- TASK DETAILS -
An exact copy of the entries is required, excluding any pictures.

- WORKING DATA -
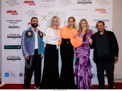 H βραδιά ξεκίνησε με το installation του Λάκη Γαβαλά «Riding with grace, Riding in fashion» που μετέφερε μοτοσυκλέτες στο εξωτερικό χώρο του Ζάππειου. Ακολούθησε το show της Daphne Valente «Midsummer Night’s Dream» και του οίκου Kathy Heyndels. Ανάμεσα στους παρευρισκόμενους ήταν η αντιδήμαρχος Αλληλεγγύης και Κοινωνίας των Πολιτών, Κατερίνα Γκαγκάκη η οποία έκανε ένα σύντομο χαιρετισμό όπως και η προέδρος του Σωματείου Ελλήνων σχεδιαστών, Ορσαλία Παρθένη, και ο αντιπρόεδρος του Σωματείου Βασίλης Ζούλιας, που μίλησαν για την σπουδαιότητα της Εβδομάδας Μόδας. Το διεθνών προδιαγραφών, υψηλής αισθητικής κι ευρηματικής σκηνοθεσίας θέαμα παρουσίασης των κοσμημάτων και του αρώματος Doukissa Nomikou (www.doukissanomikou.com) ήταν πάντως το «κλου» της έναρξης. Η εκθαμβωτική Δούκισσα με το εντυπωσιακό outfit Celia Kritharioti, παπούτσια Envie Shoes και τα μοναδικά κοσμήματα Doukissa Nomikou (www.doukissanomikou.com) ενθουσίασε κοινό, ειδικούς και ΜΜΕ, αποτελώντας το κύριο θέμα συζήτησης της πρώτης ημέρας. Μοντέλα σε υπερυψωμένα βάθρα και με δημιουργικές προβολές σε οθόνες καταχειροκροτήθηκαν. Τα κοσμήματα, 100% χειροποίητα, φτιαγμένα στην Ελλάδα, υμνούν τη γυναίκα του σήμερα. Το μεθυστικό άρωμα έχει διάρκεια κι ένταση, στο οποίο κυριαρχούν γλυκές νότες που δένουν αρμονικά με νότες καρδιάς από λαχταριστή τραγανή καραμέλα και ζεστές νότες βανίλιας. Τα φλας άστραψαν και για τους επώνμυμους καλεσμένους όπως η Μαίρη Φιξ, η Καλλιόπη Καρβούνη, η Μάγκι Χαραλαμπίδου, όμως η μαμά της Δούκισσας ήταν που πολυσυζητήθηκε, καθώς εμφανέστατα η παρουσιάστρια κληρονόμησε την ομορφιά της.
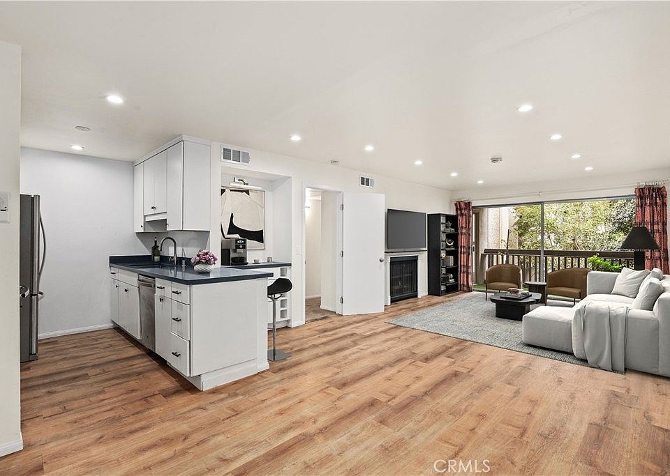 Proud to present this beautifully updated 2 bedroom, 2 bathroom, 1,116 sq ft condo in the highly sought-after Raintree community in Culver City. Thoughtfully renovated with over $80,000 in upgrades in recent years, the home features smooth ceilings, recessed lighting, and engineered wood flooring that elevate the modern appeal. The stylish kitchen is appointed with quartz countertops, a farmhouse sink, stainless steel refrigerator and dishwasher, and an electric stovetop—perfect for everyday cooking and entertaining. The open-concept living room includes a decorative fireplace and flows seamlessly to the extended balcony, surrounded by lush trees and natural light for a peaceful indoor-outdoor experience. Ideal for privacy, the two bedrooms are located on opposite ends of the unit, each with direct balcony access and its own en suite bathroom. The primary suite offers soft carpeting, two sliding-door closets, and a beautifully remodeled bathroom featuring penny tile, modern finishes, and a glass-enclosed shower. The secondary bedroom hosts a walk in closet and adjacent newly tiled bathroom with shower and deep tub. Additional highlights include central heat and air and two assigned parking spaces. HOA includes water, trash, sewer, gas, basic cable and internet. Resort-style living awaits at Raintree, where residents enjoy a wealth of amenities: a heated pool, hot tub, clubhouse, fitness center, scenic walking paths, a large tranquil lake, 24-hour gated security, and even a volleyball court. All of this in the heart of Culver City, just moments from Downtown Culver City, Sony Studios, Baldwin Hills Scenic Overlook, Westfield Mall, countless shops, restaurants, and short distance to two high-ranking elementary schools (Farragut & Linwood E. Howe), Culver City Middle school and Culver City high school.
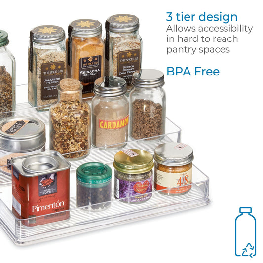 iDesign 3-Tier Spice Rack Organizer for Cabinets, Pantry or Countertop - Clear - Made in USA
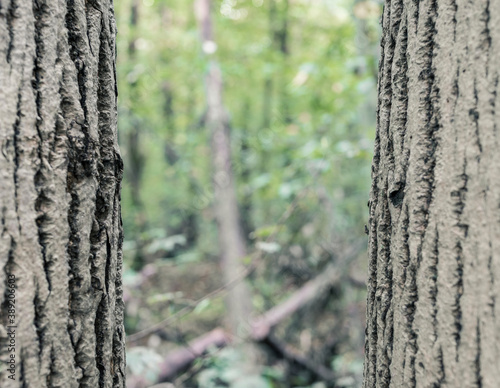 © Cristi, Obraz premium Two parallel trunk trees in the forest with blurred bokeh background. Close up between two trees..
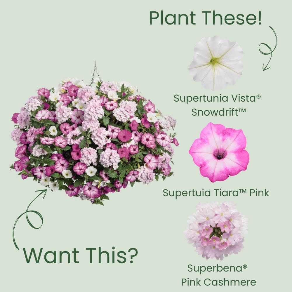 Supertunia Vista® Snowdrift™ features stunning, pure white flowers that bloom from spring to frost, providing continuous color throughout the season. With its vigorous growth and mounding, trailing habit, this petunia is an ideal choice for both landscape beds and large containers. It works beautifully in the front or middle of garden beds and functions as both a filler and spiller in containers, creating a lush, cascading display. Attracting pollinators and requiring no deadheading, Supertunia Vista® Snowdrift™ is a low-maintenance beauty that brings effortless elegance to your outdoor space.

- RESULT OF THE TASK -
 H βραδιά ξεκίνησε με το installation του Λάκη Γαβαλά «Riding with grace, Riding in fashion» που μετέφερε μοτοσυκλέτες στο εξωτερικό χώρο του Ζάππειου. Ακολούθησε το show της Daphne Valente «Midsummer Night’s Dream» και του οίκου Kathy Heyndels. Ανάμεσα στους παρευρισκόμενους ήταν η αντιδήμαρχος Αλληλεγγύης και Κοινωνίας των Πολιτών, Κατερίνα Γκαγκάκη η οποία έκανε ένα σύντομο χαιρετισμό όπως και η προέδρος του Σωματείου Ελλήνων σχεδιαστών, Ορσαλία Παρθένη, και ο αντιπρόεδρος του Σωματείου Βασίλης Ζούλιας, που μίλησαν για την σπουδαιότητα της Εβδομάδας Μόδας. Το διεθνών προδιαγραφών, υψηλής αισθητικής κι ευρηματικής σκηνοθεσίας θέαμα παρουσίασης των κοσμημάτων και του αρώματος Doukissa Nomikou (www.doukissanomikou.com) ήταν πάντως το «κλου» της έναρξης. Η εκθαμβωτική Δούκισσα με το εντυπωσιακό outfit Celia Kritharioti, παπούτσια Envie Shoes και τα μοναδικά κοσμήματα Doukissa Nomikou (www.doukissanomikou.com) ενθουσίασε κοινό, ειδικούς και ΜΜΕ, αποτελώντας το κύριο θέμα συζήτησης της πρώτης ημέρας. Μοντέλα σε υπερυψωμένα βάθρα και με δημιουργικές προβολές σε οθόνες καταχειροκροτήθηκαν. Τα κοσμήματα, 100% χειροποίητα, φτιαγμένα στην Ελλάδα, υμνούν τη γυναίκα του σήμερα. Το μεθυστικό άρωμα έχει διάρκεια κι ένταση, στο οποίο κυριαρχούν γλυκές νότες που δένουν αρμονικά με νότες καρδιάς από λαχταριστή τραγανή καραμέλα και ζεστές νότες βανίλιας. Τα φλας άστραψαν και για τους επώνμυμους καλεσμένους όπως η Μαίρη Φιξ, η Καλλιόπη Καρβούνη, η Μάγκι Χαραλαμπίδου, όμως η μαμά της Δούκισσας ήταν που πολυσυζητήθηκε, καθώς εμφανέστατα η παρουσιάστρια κληρονόμησε την ομορφιά της.
 Proud to present this beautifully updated 2 bedroom, 2 bathroom, 1,116 sq ft condo in the highly sought-after Raintree community in Culver City. Thoughtfully renovated with over $80,000 in upgrades in recent years, the home features smooth ceilings, recessed lighting, and engineered wood flooring that elevate the modern appeal. The stylish kitchen is appointed with quartz countertops, a farmhouse sink, stainless steel refrigerator and dishwasher, and an electric stovetop—perfect for everyday cooking and entertaining. The open-concept living room includes a decorative fireplace and flows seamlessly to the extended balcony, surrounded by lush trees and natural light for a peaceful indoor-outdoor experience. Ideal for privacy, the two bedrooms are located on opposite ends of the unit, each with direct balcony access and its own en suite bathroom. The primary suite offers soft carpeting, two sliding-door closets, and a beautifully remodeled bathroom featuring penny tile, modern finishes, and a glass-enclosed shower. The secondary bedroom hosts a walk in closet and adjacent newly tiled bathroom with shower and deep tub. Additional highlights include central heat and air and two assigned parking spaces. HOA includes water, trash, sewer, gas, basic cable and internet. Resort-style living awaits at Raintree, where residents enjoy a wealth of amenities: a heated pool, hot tub, clubhouse, fitness center, scenic walking paths, a large tranquil lake, 24-hour gated security, and even a volleyball court. All of this in the heart of Culver City, just moments from Downtown Culver City, Sony Studios, Baldwin Hills Scenic Overlook, Westfield Mall, countless shops, restaurants, and short distance to two high-ranking elementary schools (Farragut & Linwood E. Howe), Culver City Middle school and Culver City high school.
 iDesign 3-Tier Spice Rack Organizer for Cabinets, Pantry or Countertop - Clear - Made in USA
 © Cristi, Obraz premium Two parallel trunk trees in the forest with blurred bokeh background. Close up between two trees..
 Supertunia Vista® Snowdrift™ features stunning, pure white flowers that bloom from spring to frost, providing continuous color throughout the season. With its vigorous growth and mounding, trailing habit, this petunia is an ideal choice for both landscape beds and large containers. It works beautifully in the front or middle of garden beds and functions as both a filler and spiller in containers, creating a lush, cascading display. Attracting pollinators and requiring no deadheading, Supertunia Vista® Snowdrift™ is a low-maintenance beauty that brings effortless elegance to your outdoor space.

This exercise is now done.